Les données, apparemment contradictoires, présentées par différents témoins au
cours des audiences de comités parlementaires n’ont fait que compliquer davantage
encore un débat souvent très technique par ailleurs. Le présent document ne vise
pas à régler les différends sur les chiffres eux-mêmes, mais à expliquer certains
paramètres techniques dont il faudrait tenir compte lorsque l’on quantifie les mérites
relatifs de différents types de carburant.
2
ÉMISSIONS PAR KILOMÈTRE
Il est important, lorsque l’on quantifie l’impact sur l’environnement des carburants
automobiles, de calculer les émissions par kilomètre parcouru, plutôt que les
émissions par litre. L’éthanol produit moins d’énergie au litre que l’essence.
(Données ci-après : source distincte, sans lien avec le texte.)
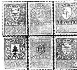
Foto 1. on tehtud harilikus valguses: margid on puhtad. Kuna markide teine külg oli võltsija poolt värskest kaetud liimikorruga, siis ei äratanud margid mingit kahtlust.

Ekspertiisi toimetamisel ilmsikstulnud asjaolusid näitavad meile alljärgnevad fotogrammid: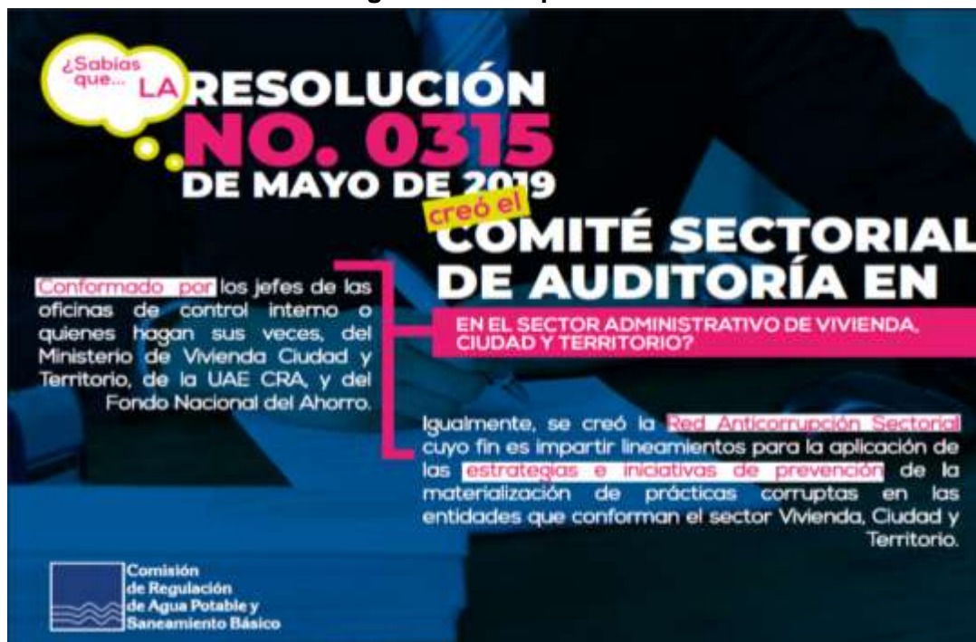
Imagen 15. Pieza publicada.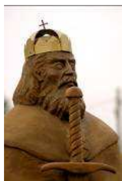
A Szt István-szobor részlete

Egyháztörténeti érdeme, hogy (a görög keleti egyház híveivel megfelelő türelmet tanúsítva) megkezdte hazánkban a latin rítusú egyházi szervezet kiépítését. Tíz püspökséget és számos bencés monostort alapított, s elrendelte, hogy minden tíz falu építsen templomot. Az országot 45 vármegyére osztva a királyi birtokokat udvarhelyekké, várispánságokká és határvár-ispánságokká szervezte, s nyugati mintára megkezdte a pénzverést és az oklevelek kibocsátását. A törvénytörvényeken hozott rendeleteiből 56 cikkely maradt meg, a fiának írt Intelmek az első magyar államelméleti mű. Imre halála után húga fiát, Orseolo Pétert jelölte örököséül, a trónt magának követelő unokatestvérét, Vazult az uralkodásra alkalmatlanná tette, fiait pedig száműzte. Halála után Fehérvárott, az általa alapított magánkápolnában temették el.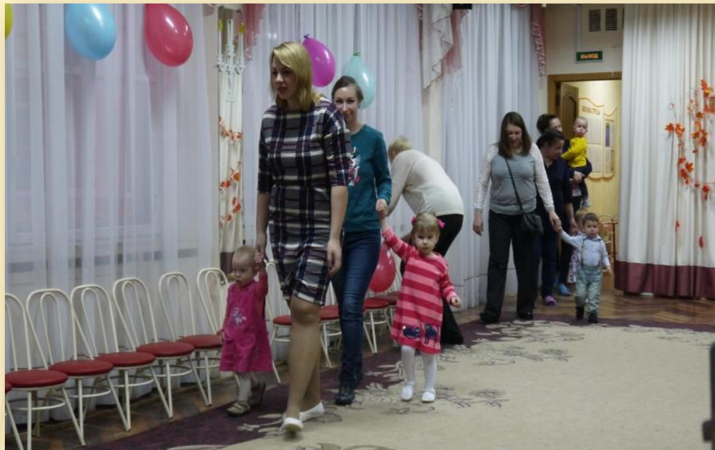
Фото 1. Дети с родителями входят в зал. Звучит композиция «Топ-топ»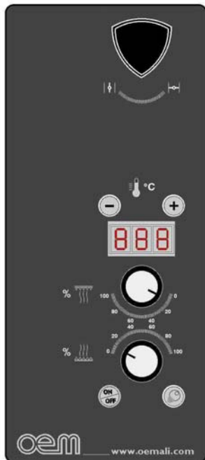
Электромеханическая панель управления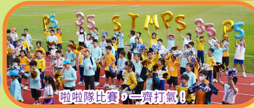
啦啦隊比賽，一齊打氣！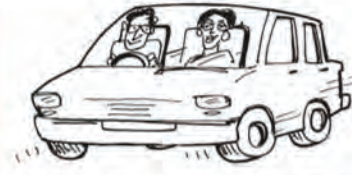
श्री एवं श्रीमती बड़बोले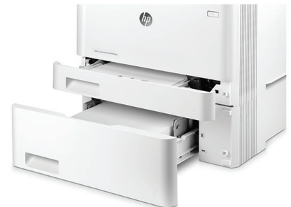
HP LaserJet Pro M452dn mit optionaler 550-Blatt-Papierzuführung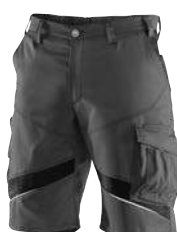
Anthrazit | Schwarz 2450 5365-9799 40-66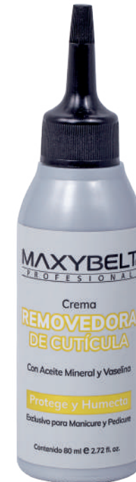
CREMA REMOVEDORA DE CUTÍCULA

Protege y humecta la cutícula. Exclusiva para Manicure y Pedicure.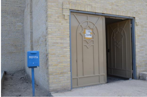
Toegangsdeur hoofdpostkantoor Buchará (Oezbekistan)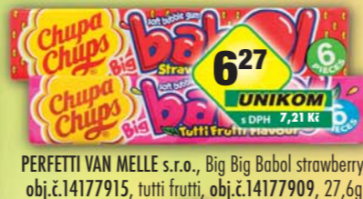
PERFETTI VAN MELLE s.r.o., Big Big Babol strawberry, obj.č.14177915, tutti frutti, obj.č.14177909, 27,6g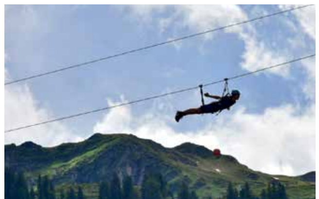
Actionreiche und abwechslungsreiche Tage verbrachten die Schüler der PTS St. Peter/Au in Hinterglemm.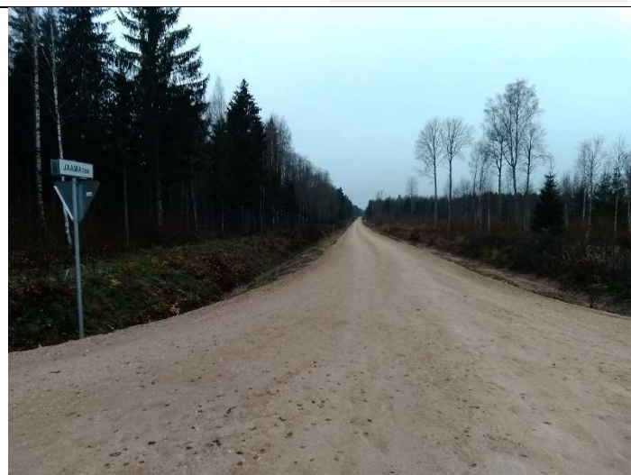
Foto 74. vaade ehitatud Jaama tee algusest kruuskatendile, liiklusemärgile ja tee nimetusega tahvlile ning rekonstrueeritud teekraavile 1201 (vasakul) ja ehitatud uuele teekraavile 1202 (paremal)

Donc,
la distance parcourue avec un litre d’un mélange contenant de l’éthanol sera
inférieure à celle parcourue avec un litre d’essence ordinaire. Il ressort ainsi d’une
étude menée aux États-Unis par Consumer Reports que l’économie de carburant
pour le VUS Tahoe de Chevrolet avec l’E85 (85 p. 100 d’éthanol pour 15 p. 100
d’essence) est inférieure de 27 p. 100 à ce qu’elle est avec de l’essence ordinaire 1, 2.
Autrement dit, la distance parcourue avec un réservoir d’E85 est inférieure de
27 p. 100 à celle parcourue avec un réservoir d’essence ordinaire. Quantifier par
litre consommé la réduction possible des émissions de gaz à effet de serre avec
des mélanges contenant de l’éthanol peut se révéler trompeur, car, pour atteindre
les réductions d’émissions formulées de cette manière, les Canadiens devraient
considérablement réduire leur kilométrage automobile.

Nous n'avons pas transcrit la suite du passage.